Friday, February 6, 2009


The first time I ever heard of Severna Park Maryland was in the summer of 1975. I was 15 years old and my mother who knew little or nothing about the sport of lacrosse had agreed to drive me the 10 miles from Chevy Chase to College Park to attend Buddy Beardmore’s University of Maryland Lacrosse Camp.

When we checked in one of the assistants noticed that I was from Montgomery County and called Buddy over to the table. Coach Beardmore looked at the address on my registration and laughed. “ Montgomery County!” " What the heck are you doing here, they don’t have any lacrosse there”. He then went on to kindly explain that his dream was to one-day see lacrosse being played in the area some refer to as “Greater Washington.”

During that week Coach Beardmore referred frequently to the many wonderful things javascript:void(0)about his hometown of Severna Park. Having never been there, at the end of camp, I left envisioning a quiet bucolic village on the banks of the Severn where everyone spent their days playing lacrosse and attending crab feasts (in the spring and summer this is not far from the truth.) But I also left with an understanding that although I had been raised in what H.L. Menken called the “Great Free State of Maryland” I was really only familiar with the part that looked toward D.C. and not Baltimore. In short even at the age of 15 I realized that there were really “Two Marylands” each with its own culture and priorities.

In 2005 this situation has been altered a bit. Over time the two regions have slowly started to develop common interests. Even so, with all of the changes that have taken place, I still find myself constantly re-explaining to my childhood friends where I live.

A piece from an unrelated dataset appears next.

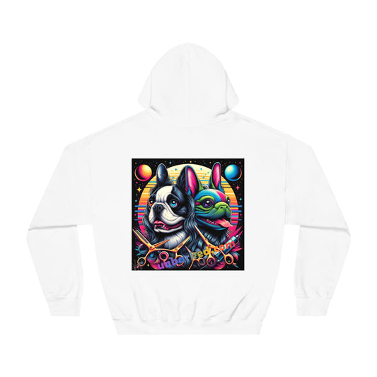 Hooded Sweatshirt UNBARKED! Halloween Collection - Boston Terrier Dog Vibrant Día de Muertos Tattoo Hoodie Unisex Heavy Blend™

To a man they are Redskin fans. Baltimore to them is place to watch Oriole games. And when they tell you they are going into the city, they mean they will soon be driving down Connecticut Avenue and not Russell Street.

I tell you this because I believe that the next occupant of the State House must make a more concerted effort to bring these two disparate worlds together. To paraphrase Lincoln, our state cannot remain, half-Baltimore, half Washington if it is to ever reach its potential.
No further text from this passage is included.